Open marcdotson opened 3 years ago
marcdotson
commented
1 year ago FWIW, this is what I had put together previously, @jeff-dotson. However, all of these rely on the use of an ensemble rather than a single model that knows the simulated pathologies exactly.
marcdotson
commented
10 months ago A single model to establish the upper bounds confirms what's demonstrated above (at least for homogeneous pathologies; not sure how to get our present setup to manage heterogeneous pathologies with a single model), @jeff-dotson. We should review the big three: simulate_data.R, clever_randomization.R, and hmnl_ensemble.stan when we talk about our approach to how the ensemble is managing pathologies.

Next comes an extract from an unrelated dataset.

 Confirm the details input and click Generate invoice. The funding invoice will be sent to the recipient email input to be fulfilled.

Model Pathologies Heterogeneous LOO `Hit Rate` `Hit Prob`
HMNL None No NA 0.578 0.483
Ensemble None No NA 0.574 0.482
HMNL ANA No NA 0.614 0.532
Ensemble ANA No NA 0.604 0.527
HMNL Screen No NA 0.739 0.685
Ensemble Screen No NA 0.742 0.609
HMNL ANA & Screen No NA 0.865 0.832
Ensemble ANA & Screen No NA 0.717 0.682The following updated results uses averaged respondent-level Betas rather than the mean of the heterogeneity distribution Gammas when predicting out-of-sample hit rates and hit probability. This is a fairer comparison between the constrained-parameters method we're employing for the conjoint ensemble and the standard HMNL since we are imposing the constraints on the Betas rather than the Gammas.

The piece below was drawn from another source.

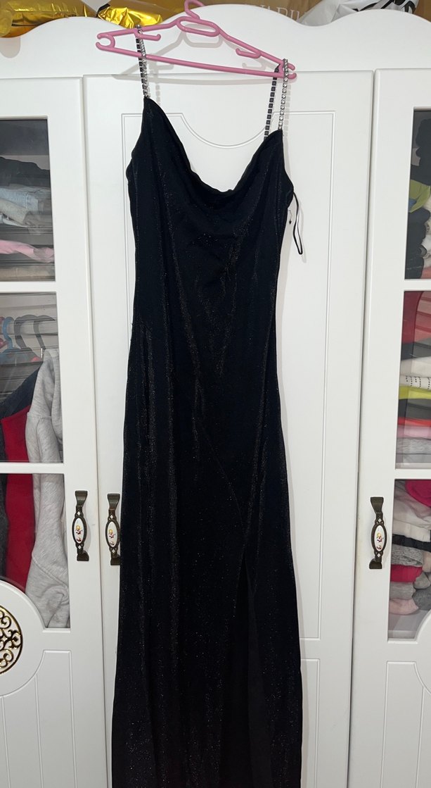 Simli Drapeli ve askılı uzun siyah elbise, vücuda oturan kesimiyle romantik geceye uygun gotik şıklık sunar.

If we were only concerned with homogeneous pathologies, we could constrain the Gammas directly. However, the bite starts with including heterogeneous pathologies, as demonstrated below. To alleviate any concerns about this choice, we could include predictions based on both the Betas and the Gammas. This might further demonstrate the limits of flexibility for the standard HMNL, especially for predicting out-of-sample.

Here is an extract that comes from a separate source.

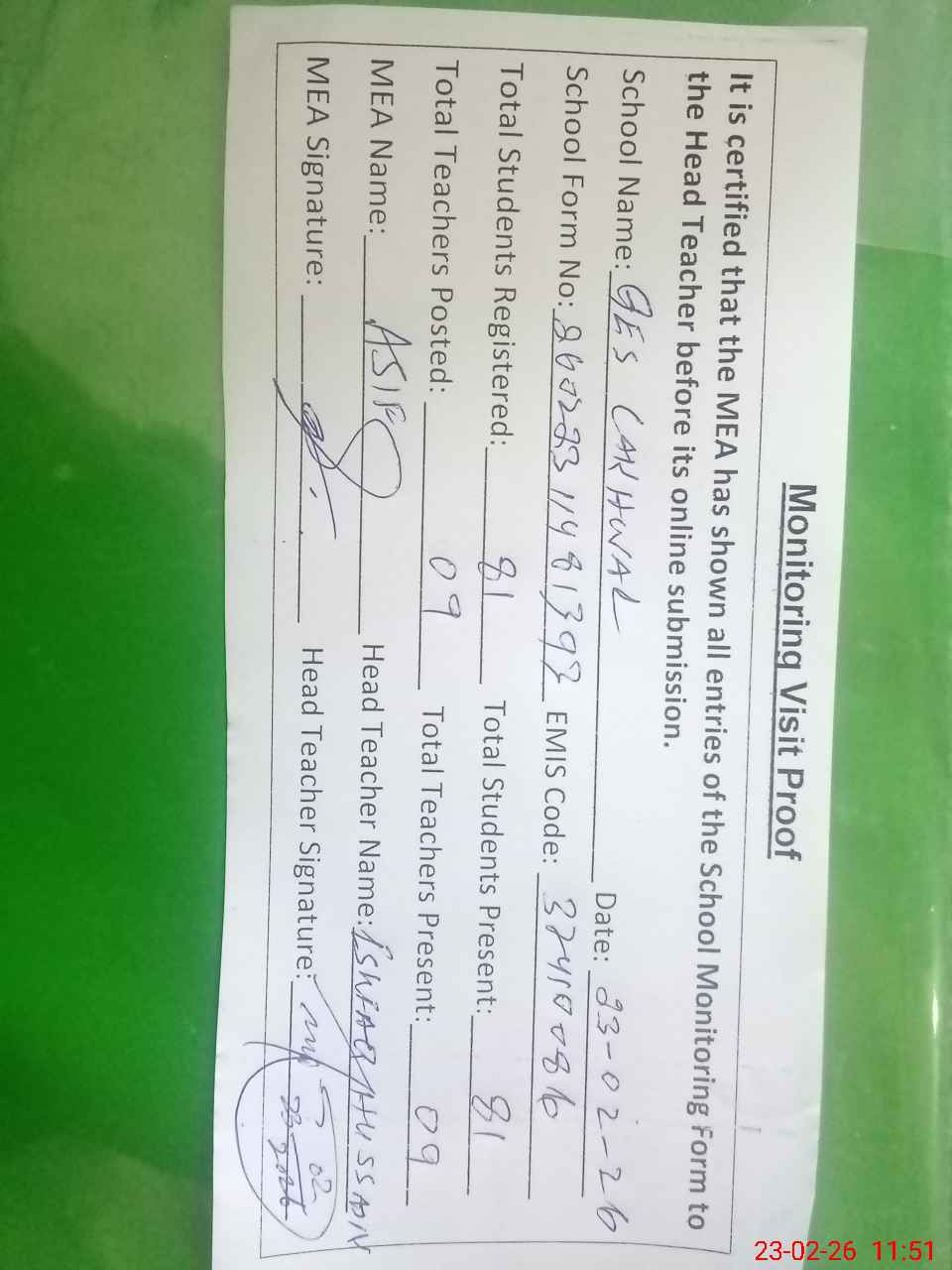 | Attendance Register | Head Teacher | MEA with School | Visit Proof |

Model Pathologies Heterogeneous LOO `Hit Rate` `Hit Prob`
<chr> <chr> <chr> <lgl> <dbl> <dbl>
1 HMNL None No NA 0.582 0.484
2 Ensemble Upper Bound None No NA 0.578 0.482
3 HMNL ANA No NA 0.45 0.384
4 Ensemble Upper Bound ANA No NA 0.457 0.383
5 HMNL Screen No NA 0.875 0.862
6 Ensemble Upper Bound Screen No NA 0.867 0.854
7 HMNL ANA & Screen No NA 0.911 0.892
8 Ensemble Upper Bound ANA & Screen No NA 0.91 0.881
9 HMNL None Yes NA 0.582 0.484
10 Ensemble Upper Bound None Yes NA 0.578 0.482
11 HMNL ANA Yes NA 0.41 0.369
12 Ensemble Upper Bound ANA Yes NA 0.421 0.372
13 HMNL Screen Yes NA 0.546 0.525
14 Ensemble Upper Bound Screen Yes NA 0.556 0.552
15 HMNL ANA & Screen Yes NA 0.594 0.551
16 Ensemble Upper Bound ANA & Screen Yes NA 0.569 0.566The previous results also appeared to show that the models were increasingly accurate as the underlying pathologies became more complicated. Fortunately these latest results appear to avoid what may have been a coding issue or just an artifact of data simulation.
marcdotson
commented
10 months ago Here I try to replicate the conjoint ensemble proof-of-concept with the constraints operating post-hoc in the generated quantities block.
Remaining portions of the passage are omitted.